Bereits bei Ankunft am Spielort wurden wir aufmerksam von den Zuschauern und Spieler bemustert da unsere Geheimwaffe Philipp keiner kannte. Da wir bereits frühzeitig vor Ort waren konnten wir dem Gegner noch gemütlich beim Aufbauen zuschauen. Da kann sich unsereins noch ein Scheibchen abschneiden. Klare Linienführung, Werbung nach innen, nur gleiche Abgrenzungen. Da ist nix mit „Larrifarri“.

Die Prognose von mir für den heutigen Tag, 2 Doppel, vorne vier, mitte vier, sind 10 dann haben wir für nächste Saison noch einen gut. Hehe

Los gings in den Doppeln.

Unser Einser Doppel musste gegen Kurnoth/Piendl ran. Derzeit nicht in optimaler Form aber trotzdem effektiv. Über 5 spannende Sätze konnten wir das Doppel dann letztendlich klar im fünften Satz mit 11:4 gewinnen.

Als zweier Doppel musste ich mit Philipp gegen Strobl/Lippert ran. Da beide über 1800 TTR-Punkte auf dem Konto haben war das Ergebnis von vornherein eine klare Sache. Chancenlos gingen wir mit 3:0 vom Tisch, was anscheinend beim Gegner für ein Lächeln sorgte. Das sollte sich aber mittelfristig ändern.
Das Doppel drei mit einem an diesem Tag extrem starken Nicolas durfte gegen Greisinger/Schmatz ran. Klare Sache mit 11:6, 11:7 und 10:12 (im dritten haben Sie schon 5:1 und 7:4 geführt). Da fällt Dir eigentlich nix mehr ein, vor allem wenn nach dem Spiel die Aussage von beiden kommt: „Was habt´s denn wir haben doch klar zu 8 gewonnen, oder? Aufpassen auf die Wortwahl „oder“. Ich hab dann mal beide aufgeklärt, dass das Spiel in der Verlängerung gewonnen wurde. Hat mir natürlich keiner geglaubt, erst als ich den Spielbericht vorlegte. Der Kommentar von Hansi dann nur. „Ahhhh hatten alles im Griff, mein Topspin ist gekommen“ Ohh man, da machst was mit.

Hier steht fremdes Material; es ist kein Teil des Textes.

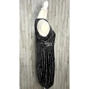 Keywords: Cache dress, size 8 cocktail dress, black sleeveless dress, fitted party dress, knee-length dress, women's elegant dress, sophisticated evening wear, striped pattern dress, polyester cocktail dress, textured fabric dress, round neck dress, women's party attire, new with tags dress, NWT Cache dress, dry clean only dress.
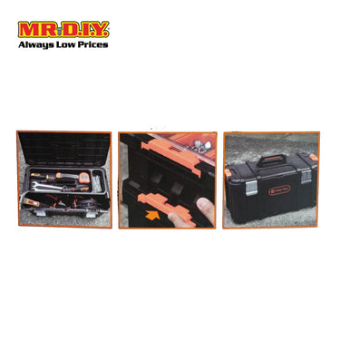 Material: Plastic (Tool Box) + Metal (Lock Buckles) + TPR (Thermoplastic Rubber) wheelsÂ
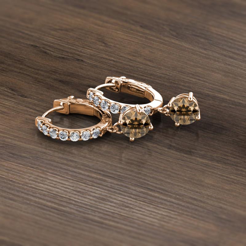Round Smoky Quartz and Diamond 1.23 ctw Womens Dangle Huggie Hoop Earrings 14K Rose Gold More Details ...
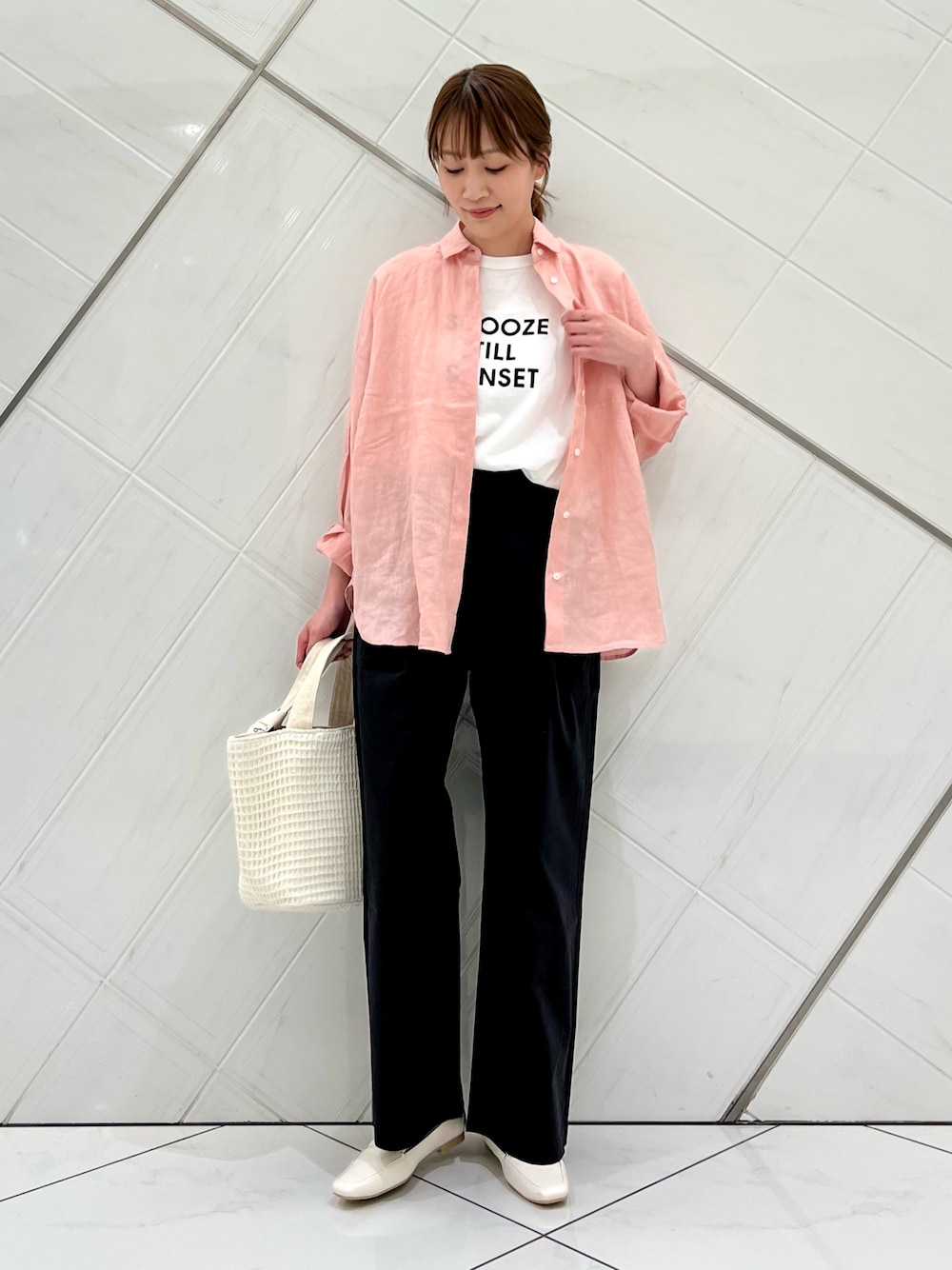 合わせるボトムによって、トップスインするのも出して着るのもまた雰囲気変わって楽しめます。
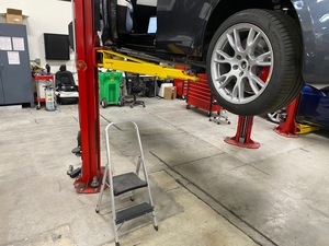 - 将车辆驶离双柱举升机。请参阅举升车辆 - 双柱举升机。

Yea 2:1 für Eschenbach. Wie anfangs geplant.

Nun gings mit dem vorderen Paarkreuz weiter.

Strobel (TTR 1822) gegen Jonas (TTR 1692). Top Spiel auf hohem Niveau, Spitzenballwechseln mit dem leider besseren Ende für Chamerau. Der letzte Punkt im Satz wollte einfach nicht her. 12:14, 14:16, 11:4 und 8:11, das sagt einiges. Jonas wäre eigentlich der verdiente Sieger gewesen, da sich Strobel über die ersten beiden Sätze retten konnte. Die Chance hierzu war mehrmals da. Trotzdem super Leistung gegen einen Gegner mit einem TTR von 1822.

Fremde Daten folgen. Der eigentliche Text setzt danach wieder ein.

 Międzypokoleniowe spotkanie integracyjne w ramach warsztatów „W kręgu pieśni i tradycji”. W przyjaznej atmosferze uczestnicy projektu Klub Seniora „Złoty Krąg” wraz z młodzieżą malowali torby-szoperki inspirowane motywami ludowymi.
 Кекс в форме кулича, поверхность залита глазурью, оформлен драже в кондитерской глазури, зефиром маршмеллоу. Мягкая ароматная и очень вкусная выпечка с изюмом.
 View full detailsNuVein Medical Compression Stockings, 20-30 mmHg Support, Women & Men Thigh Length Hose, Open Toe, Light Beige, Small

Lippert (TTR 1805) gegen Tom (TTR 1796). Unser Alpha hatte an diesem Tag extreme Probleme mit der Konzentration so wurde das Spiel gegen den „Dattelkauer“ zu einer sehr langen und anstrengenden Partie. Der erste Satz ging mit 11:9 nach Chamerau, bereits hier haderte Tom mit den ewigen Handtuch- und Schuh-Nass-Mach-Pausen des Gegners. Satz zwei lief ähnlich zäh konnte jedoch von Tom dann knapp mit 11:9 gewonnen werden. Satz drei ging wieder an den Gegner und das Desaster mit den Pausen ging pausenlos weiter. Das war wirklich nicht normal. Nach dem dritten Satz habe ich Tom dann mal gesagt er soll die 6 Punkte Handtuchregel seinem Gegner mal näher bringen. Das hat er in seiner charmanten Art und Weise dann auch getan. Der Gegner wollte das wohl nicht so richtig akzeptieren und hätte sich dabei fast an seiner getrockneten Dattel verschluckt die er zwischen den Satzpausen immer gekaut hat. Den Fehler vor dem sechsten Punkt zum Handtuch zu gehen machte er jedoch nur einmal. Tom sagte dann: „Wolfram, das ist jetzt nicht dein Ernst, willst Du mich verarschen oder nimmst Du eine Auszeit?“. Das Spiel hatte auch im vierten Satz keinen eindeutigen Sieger, konnte jedoch wieder knapp mit 11:9 gewonnen werden. Im fünften lief es etwas besser und somit war das Ergebnis mit 11:7 eine klare Sache. Was man alles schaffen kann wenn man sich konzentriert, gell Tom.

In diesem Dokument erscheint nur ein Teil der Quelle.